New therapy options for pancreatic cysts and small pancreatic tumours
For many years, endosonography has become the preferred diagnostic technique for pancreatic changes. On the one hand, it represents chronic inflammatory changes of the pancreas and allows the diagnosis of benign and malignant cysts and tumours of the pancreas. The fine tissue biopsy of unclear changes is established and firmly anchored in the current guideline of the European oncological society.
In addition to these innovative diagnostic possibilities, endosonography now also offers innovative local therapies. In the last two years, a collection of cases of radiofrequency ablation of both mucinous cysts and small neuroendocrine tumours has built up. Pai et al's group describes radiofrequency ablation of both mucinous cysts and small neuroendocrine tumours with good results and low side effects as early as 2015. Other publications have successfully described radiofrequency ablation of neuroendocrine tumours in small case collections.
In radio frequency ablation, the small tumour centre is punctured by endosonography and a radio frequency probe is inserted into the tumour via the puncture needle. After a slight retraction of the puncture needle, a small amount of current is applied for up to 120 seconds, which leads to local overheating and thus to the destruction of tumour cells. The results were promising and the complications reported so far were minor and corresponded to mild pancreatitis.

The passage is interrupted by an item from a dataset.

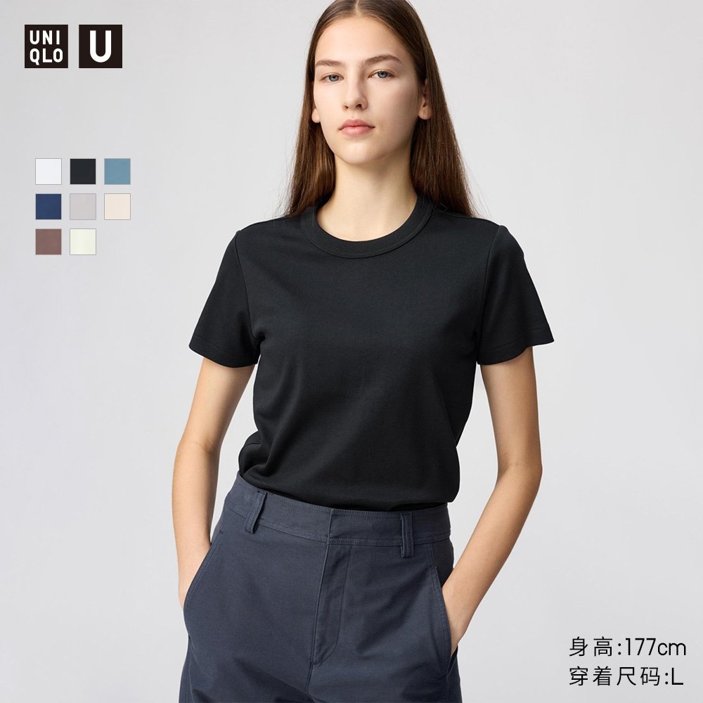 Uniqlo collaboration women's fashion master T-round neck T-shirt short sleeve front shoulder plain white T474404
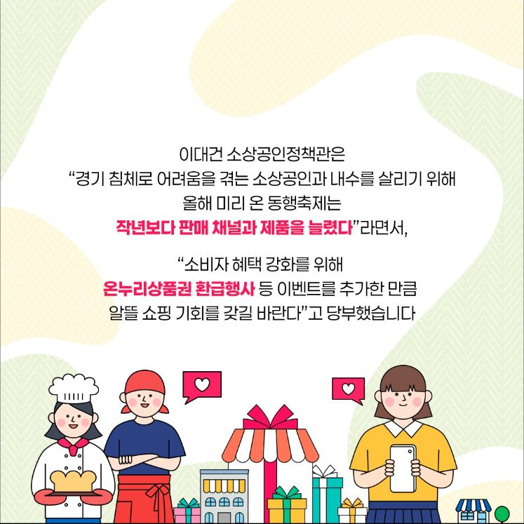 - 소비자 혜택 강화온누리상품권 환급, 할인 쿠폰, 추첨 이벤트 등 소비자 혜택을 강화하여 합리적인 소비가 가능합니다.

Another important disease of the pancreas is the lateral duct IPMN, the intraductal papillary mucinous neoplasia. This cystic change, which is associated with the main biliary tract, can lead to classification into high-risk and worrisome cysts based on the so-called Fukuoka criteria. Patients with worrying criteria have a 4% risk of developing pancreatic cancer within five years. In contrast, those patients with high-risk criteria have an almost 50% risk of developing pancreatic cancer within five years. The established therapy for these changes is the surgical treatment of the cysts, the extent of which depends on the size and location of the cysts in the organ.
Nevertheless, we repeatedly see patients who cannot be operated on for various reasons. This can be a very old age, a rejection of surgery or accompanying diseases. Up till now, these patients have not been adequately cared for. A new study published in 2017 by the Moyer et al working group shows the success of cyst ablation through the introduction of a chemotherapeutic agent. The IPMN cyst is punctured by endosonography, emptied via the puncture needle, rinsed with saline solution and then a mixture of the chemotherapeutic agents Paclitaxel and Gemicitabin is introduced directly into the cyst.
In 85% of the cases there was a significant reduction in the volume of the cyst, whereby in 67% of the cases the cyst could no longer be detected in the course of time. The only complication described was acute pancreatitis in the entire group, which corresponds to a risk of less than 5%.
First experiences succesful and promising
This technique will certainly not be able to replace the operation of cysts in all patients, but offers patients who are not accessible to surgery a good therapeutic alternative. The value of this technology will have to be further investigated in the future.
The experience gained at the Darmstadt Clinic in this regard is encouraging and promising. We are pleased to present this innovative technology.